Disdik Pekanbaru Siapkan Merger Sejumlah Sekolah Kekurangan Murid

Disdik Pekanbaru Siapkan Merger Sejumlah Sekolah Kekurangan Murid

PEKANBARU - Dinas Pendidikan (Disdik) Kota Pekanbaru, tengah mempersiapkan rencana penggabungan atau merger sejumlah sekolah yang mengalami kekurangan jumlah murid. 

Namun, pelaksanaan kebijakan tersebut masih menunggu proses pelantikan dan penataan kepala sekolah.

Pelaksana Tugas (Plt) Kepala Disdik Kota Pekanbaru, Abdul Jamal mengatakan secara teknis rencana penggabungan sekolah telah dipersiapkan. 

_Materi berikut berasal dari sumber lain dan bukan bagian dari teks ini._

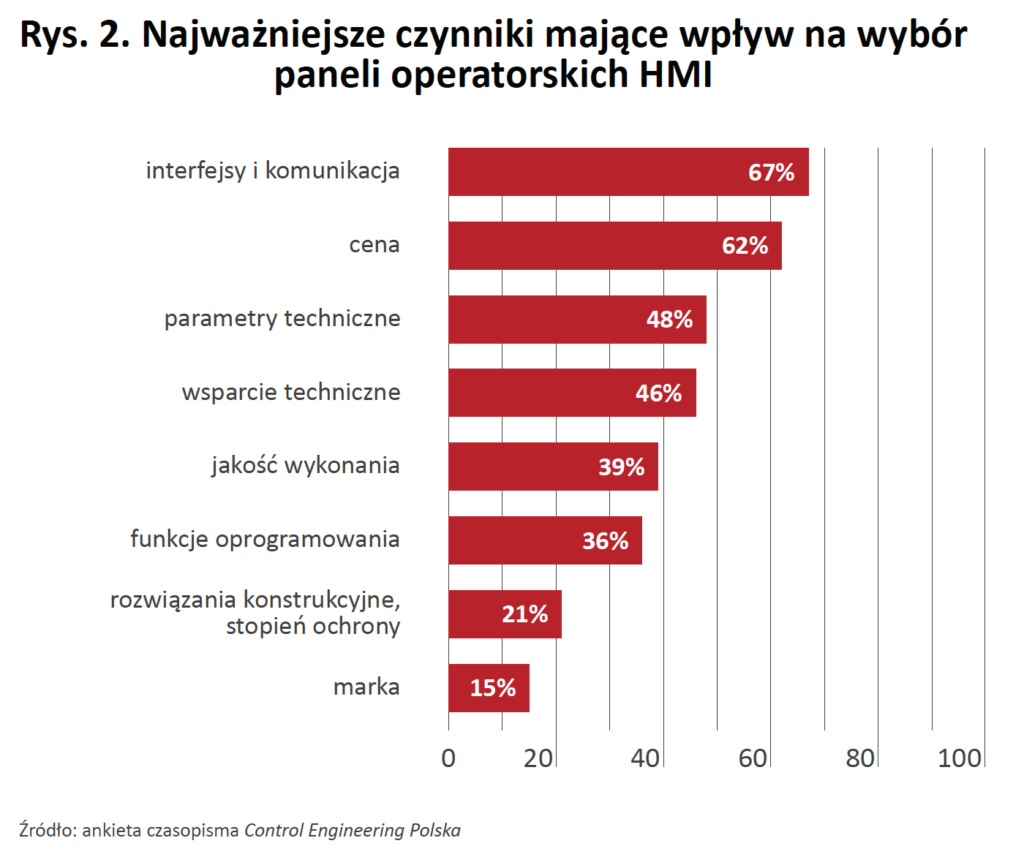 Zdaniem ankietowanych użytkowników najważniejszymi czynnikami mającymi wpływ na wybór paneli operatorskich HMI są interfejsy i komunikacja (67%) ? rys. 2. Na drugim miejscu znalazła się cena (62%), a na trzecim ? parametry techniczne (48%). Nie bez znaczenia są również: wsparcie techniczne (46%), jakość wykonania (39%), funkcje oprogramowania (36%), rozwiązania konstrukcyjne oraz stopień ochrony (21%), a także marka (15%).

Saat ini, kendala yang masih dihadapi berkaitan dengan penataan kepala sekolah yang terdampak apabila merger dilakukan.

"Kalau nanti ada pelantikan kepala sekolah, baru kami lakukan merger. Secara teknis sebenarnya sudah siap semua. Tinggal kepala sekolahnya digeser ke mana," ujar Jamal, Minggu (16/8/2026).

Ia menyampaikan ada sekitar 70 sekolah bakal mengalami penggabungan di Kota Pekanbaru. Merger ini adalah upaya mengoptimalkan penggunaan ruang kelas belajar sekaligus rombongan belajar di sekolah.

Proses penggabungan setelah ada pelantikan kepala sekolah SD Negeri dan SMP Negeri di Kota Pekanbaru.

Menurutnya, persoalan tersebut telah dibahas bersama Wali Kota Pekanbaru Agung Nugroho. Pemko Pekanbaru juga telah mengusulkan agar sekolah-sekolah yang saat ini dipimpin kepala sekolah berstatus pelaksana tugas (Plt) segera memiliki kepala sekolah definitif.

Percepatan penetapan kepala sekolah definitif dinilai penting karena berkaitan dengan sejumlah program pemerintah kota, termasuk bantuan revitalisasi sekolah serta penggunaan dana Bantuan Operasional Sekolah (BOS).

"Yang pertama, bantuan pemerintah tentang revitalisasi. Salah satu syarat utamanya kepala sekolah tidak boleh berstatus Plt. Yang kedua, berkaitan dengan penggunaan dana BOS," jelas Jamal.

Untuk mempercepat proses tersebut, Disdik akan memprioritaskan sekolah yang kepala sekolahnya telah memasuki masa pensiun dan saat ini hanya dipimpin oleh Plt. Kepala sekolah yang sudah pensiun dan posisinya kemudian diisi oleh Plt akan dipercepat proses penetapan kepala sekolah definitifnya.

Meski demikian, pengangkatan kepala sekolah definitif tidak dapat dilakukan secara langsung. Para calon kepala sekolah harus memenuhi sejumlah persyaratan yang telah ditetapkan pemerintah pusat serta mendapatkan persetujuan dari Balai Guru dan Tenaga Kependidikan (BGTK).

"Kami berkoordinasi dengan BGTK. Kalau sudah memenuhi persyaratan, prosesnya kami lanjutkan dan bisa dilakukan pelantikan," ungkap Jamal.

Ia menjelaskan, calon kepala sekolah harus mengikuti sejumlah tahapan dan memenuhi ketentuan yang berlaku, termasuk persyaratan pendidikan, usia, hingga pelatihan kepala sekolah.

Setelah seluruh persyaratan terpenuhi, proses penentuan pejabat kepala sekolah definitif selanjutnya dilakukan melalui mekanisme Badan Pertimbangan Jabatan dan Kepangkatan (Baperjakat).

"Syaratnya minimal S1. Kemudian ada ketentuan lainnya, termasuk pelatihan kepala sekolah dan persyaratan usia. Setelah memenuhi seluruh syarat, barulah Baperjakat yang menentukan," papar Abdul Jamal.

Dengan penataan kepala sekolah tersebut, Disdik Pekanbaru berharap proses merger sekolah yang kekurangan murid dapat segera dilaksanakan. Selain menjadi bagian dari penataan satuan pendidikan, langkah tersebut juga diharapkan dapat membuat pengelolaan sekolah lebih efektif dan mendukung optimalisasi program pendidikan di Kota Pekanbaru.